通判左右看看,声音更低,“我听说,他在文华殿面圣,献了什么‘无帆快船’‘水泥’的方子,皇上龙颜大悦,这才破格授官。
工部还给了特许,准他在任上试造呢!”
“无帆快船?”
众人来了兴趣,“船无帆怎么走?”
“据说是什么‘机关’驱动,不用风不用桨,日行二百里!”
“吹牛吧?”有人不信。
“嘿,你还别不信。我有个同年在通政司,他说漕督和河督两位李部堂,
还有孙阁老,都保举过此人!你们想想,这得多大背景?”
饭堂里一片啧啧声。有人羡慕,有人嫉妒,也有人动了结交的心思。
这时,卢象关端着食盘走进饭堂。
原本嘈杂的声音顿时一静,所有人的目光都投向他。
卢象关面不改色,寻了个空位坐下。他这几日已习惯了这种注视。
“卢大人,”
那位通判率先开口,拱手笑道,“在下原保定府通判陈文礼,久仰大名。”
卢象关还礼:“陈大人客气。”
这一开口,其他官员也纷纷凑过来。
“卢大人,听说您要赴任利津县?那地方可不好待啊,临海盐碱,十年九涝。”
“卢大人年轻有为,定能造福一方。”
“不知卢大人那‘无帆快船’,何时能造出来?在下在运河边有座货栈,若能得此快船,货运可就方便多了。”
卢象关一一应付,既不过分热情,也不冷淡。
他清楚,这些官员中,真有想结交的,也有探听虚实的,更有想从中牟利的。
官场如战场,一言一行都需谨慎。
饭后回到房间,卢象关刚坐下,门外又传来敲门声。
开门一看,是个三十岁左右的官员,身着七品鸂鶒补服,面容清瘦。
“在下嘉兴府平湖县知县李文启,唐突来访,还请卢大人见谅。”
卢象关请进。
两人叙了年齿,李文启长他两岁,是天启五年进士,已任知县三年,此次进京述职。
“卢大人这几日门庭若市,李某本不该打扰。”
李文启开门见山,“但有一事,思来想去,还是想提醒卢大人。”
“李兄请讲。”
“卢大人得特许试造,是机遇,也是风险。”
李文启正色道,“我任知县三年,深知地方官难做。上有府道督抚,中有同僚胥吏,下有乡绅豪强。
你一个新任知县,带着‘特许’下去,不知多少人盯着这块肥肉。

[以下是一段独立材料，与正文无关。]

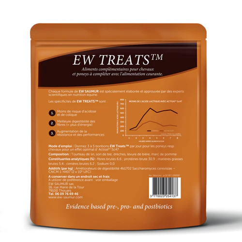 Riche en Actisaf® pour réguler le microbiote intestinal de votre cheval ou poney, très appétisant mais sans sucres ajoutés, les EW Treats™ sont la récompense santé idéale pour votre ami équin. Donnez 3 à 5 bonbons par jour pour un effet optimal d’Actisaf®.

”
他顿了顿:“利津那地方,我虽未去过,但听闻临海多盐枭,境内有铁山、石油,必有人把持。
卢大人要开矿建厂,定会触动这些人的利益。强龙不压地头蛇,需步步为营啊。”
卢象关肃然拱手:“多谢李兄提点。卢某初入仕途,还请李兄多多指教。”
李文启摆摆手:“指教不敢当。只是同为七品知县,深知其中艰辛。
卢大人若有需要,可来信至平湖县衙,李某定当尽力。”
送走李文启,卢象关站在窗前沉思。
这位李知县的话,说到了要害。朝廷给了政策,但执行起来,地方上的阻力才是真正的考验。
他忽然想起现代的一句话:“上面的政策是好的,都是下面执行歪了。”
如今他成了“下面”的人,才知其中艰难。
最让他意外的是初五日上午,驿卒老赵带进来的访客。
“宜兴周府管家周安,见过卢大人。”
来人五十余岁,面容沉稳,衣着虽不华丽,但料子考究,举止有度。
卢象关心头一动:“可是周侍郎周大人府上?”
“正是。”
“卢知县,我家老爷让老奴带句话。”
周管家笑容可掬,语气却带着居高临下的客气,
“老爷说,朝堂上虽有争执,但皆为公事。既是宜兴同乡,日后还当互相照应。利津那地方……若有什么难处,可修书至府上。”
说着,他示意身后小厮捧上一个锦盒:“些许土仪,不成敬意。”
卢象关打开锦盒,里面是两支上等湖笔、一锭徽墨、一部新刻的《资治通鉴》。
价值不菲,却都是文人雅物,送得恰到好处——既表达了“关照”之意,又不落贿赂的口实。
“周部堂厚爱,下官愧不敢当。”卢象关推辞。
“哎,卢知县这就见外了。”
周管家按住锦盒,“老爷说了,同乡之谊,岂是俗物所能衡量?收下吧。另外……”
他凑近半步,声音压得更低:“老爷还让提醒卢知县一句,工部那边,南尚书虽开了口子,但下头的人……未必都好说话。